Conversely, I've since realized that the Vietnamese that I think I understand is probably at the toddler level. For a very long time, I just assumed the Vietnamese language lacked features such as pronouns and articles. But then I realized that when my parents tell me to go wash the dishes, my brain just fixates on "wash dishes" and ignores all the other connective words. So I know a lot of verbs and nouns but very few words that are part of everyday conversational speech in Vietnamese. I imagine that's what Alexa feels like :)

Your comment made me curious how well the Google Translate app can deal with foreign languages. I was stunned to see that it could understand my attempts at Vietnamese. So other than a proportionately smaller dataset to learn from (Vietnamese usage vs English usage of Google or Amazon), seems like Alexa and Google Home could competently deal with foreign languages.

Handling poor English grammar is a necessity anyway if you want to hit mass market share, since not everyone speaks as if they read the Oxford English Dictionary every night even when they are native English speakers.

"What weather today is" Why is this considered an amazing NLP? I type any order of related words in Google (or any other search engine) and the intend of my malformed sentence is sufficiently understood to bring back relevant results. Even if I formed my sentence grammatically, the result is no better.

That's because most search engines use a form of NLP in their processing of user input for queries.

No. the most trivial search strategy just tokenizes the input and looks up those token in the index. A poorly formed sentence, is not a detriment to finding out the intend, as long as key words are there. It doesn't require complex NLP to achieve this end result.

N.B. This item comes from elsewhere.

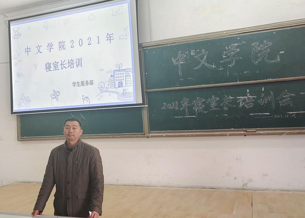 12月13日中午,中文学院2021年下学期寝室长专题培训会在9T2举行,全体寝室长参加培训。学院党委副书记贺波彬主讲,学工办刘子行、徐去非老师参会。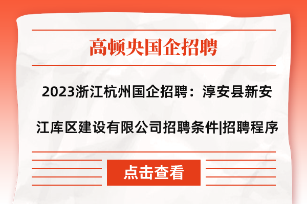 2023浙江杭州国企招聘:淳安县新安江库区建设有限公司招聘条件|招聘程序

Ironically, "What day this week will be snow?" doesn't give me great results on Google, but Bing actually shows a weekly weather graph.

"snow this week" will return the weather forecast for my location on google

Yeah, but that's grammatically valid. It's not a question, but it's a valid sentence.

I don't think it's a valid sentence, unless you interpret it as commanding someone/something to snow sometime this week.

So will "this snow week when"

Then why is it that you get just as good, if not better, search results when you type words in decreasing order of information content and omit common words, some of which are essential for parsing natural languages? E.g.

   Beatles walrus -> the song "I am the walrus" by the Beatles.
   Tintern vacuum -> the song "Vacuum cleaner" by Tintern Abbey.

If you say the intent activation word (weather / snow / light etc..) the intent will trigger. Phrasing can help for certain queries though.


Interesting. The phrases I typically use for Google Search are also not considered proper English grammar, but are highly effective in getting the results that I want. I wonder if that's the case as well here.

Most commands are pretty obvious and easy, but some of them aren't. For instance, the phone locator. The command is something like, "Alexa, tell trackr to locate my phone." But my wife and I can never remember that when we need to locate a phone, and we have to figure out it out all over again.

I assume that people have to call for emergency services less often than we misplace our phones, so I'm sure it's even harder to remember the exact verbiage for that.

Alexa added "Ham Bread" to my shopping list yesterday.

Not super on-topic, but I laughed when I saw it.

Weather works quite well for me here in germany.

Thanks. Looks like some countries work, others don't.

Weather works fine in the UK.

As of last week, Alexa cannot tell me how many inches per second is an atto parsec per micro fortnight.

Google can.

Alexa can tell me how many sides a hexagon has. But cannot tell me the name of a six sided polygon.

If that's the main criticism of Alexa, then I'm rushing out to buy one immediately.

I'm not interested in an always-on voice activated device so that I can ask it rarely asked complicated questions. I'm interested in how well it understands my voice, and how many day-to-day chores it can help with.

The ability to understand you involves understanding language. You have to understand the world to understand language. Google built a 70 node knowledge graph that drives their understanding of the world which enabled them to create a intelligent device. Or something that is more revolutionary versus Echo is more evolutionary.

I have both and purchased the Echo when first launched. The Google Home amazes me every day.

So with Home you say play Madonna song Sean Penn movie and live to tell starts playing.

Echo has a command of "goes like this". Never used it. But everyday Google figures out something.

Our understanding of the world allow us to talk in a condensed form as humans can infer a lot.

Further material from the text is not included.